I regret that your report (Feb 22) on Isaac Newton's beliefs failed to put them into any historical context. What is noteworthy about recent research is not that Newton was an "apocalyptic" thinker: all Protestant scholars in 17th-century Britain held such views. The apocalyptic consensus is not difficult to understand, given that any departure from the literal reading of the Book of Revelation was considered heresy. Edmond Halley, who was confronted with this accusation in 1691, presented papers to the Royal Society on "the necessity of the world's coming to an end", to prove "that I am not guilty of asserting the eternity of the world".

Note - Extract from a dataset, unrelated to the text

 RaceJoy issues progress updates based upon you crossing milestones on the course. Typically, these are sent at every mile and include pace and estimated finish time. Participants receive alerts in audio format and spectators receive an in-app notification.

In Newton's days nearly everyone believed in heavenly retribution and the catastrophic end of the world. The Church worked hard to scare an insubordinate flock, while political radicals prophesied cometary disaster and social upheaval. Newton, in contrast, kept publicly quiet on the subject for most of his life. He endeavoured to discredit both camps by debunking their shared belief in impending doomsday.

In the unpublished manuscripts referred to, Newton did ponder the end of the world "in the year of the Lord 2060", but stressed: "I mention this period not to assert it, but only to show that there is little reason to expect it earlier, and thereby to put a stop to the rash conjectures of interpreters who are frequently assigning the time of the end, and thereby bringing the sacred prophecies into discredit as often as their conjectures do not come to pass. It is not for us to know the times and seasons which God hath put in his own breast."

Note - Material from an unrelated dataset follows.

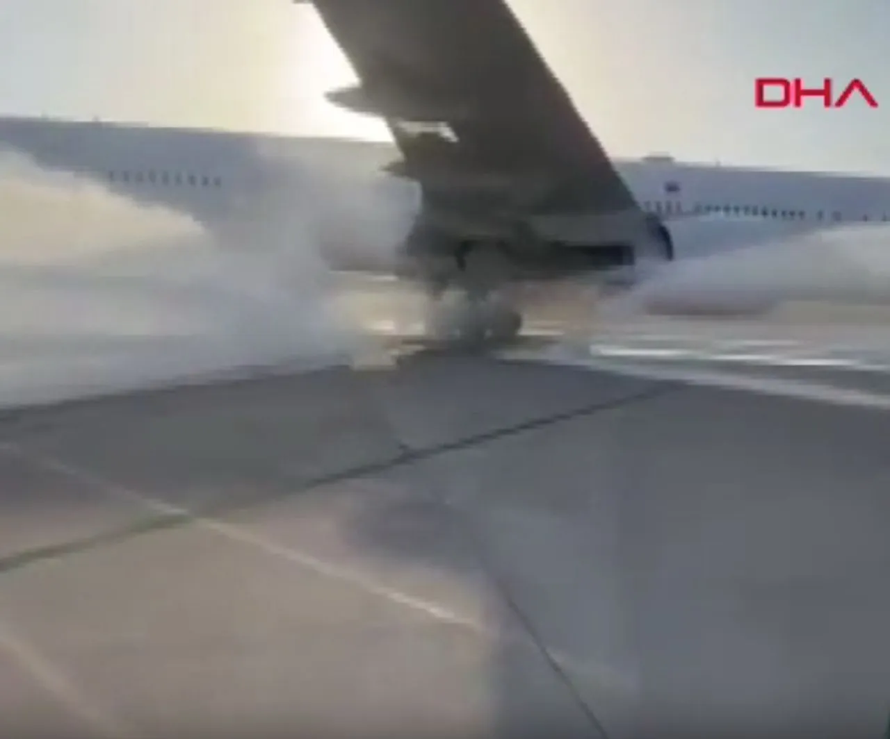 İstanbul’dan saat 17.45'te havalanan Türk Hava Yolları'nın TK2430 sefer sayılı TC-LKF tescilli Boeing 777 uçağı, Antalya Havalimanı pistine başarılı bir iniş gerçekleştirdikten sonra taksi yolunda iniş takımlarından dumanlar yayılmaya başladı

By pushing back a tentative date for the apocalypse by more than 500 years (if not advocating an indefinite point in time), Newton assailed both an over-zealous orthodoxy and political radicals whose fanaticism had led to a century of mayhem and who threatened the stability of British society. Far from being a prophet of doom, Newton calculatingly established the foundations of the scientific age that turned terrifying comets into predictable objects and wild fear-mongering into dispassionate risk analysis.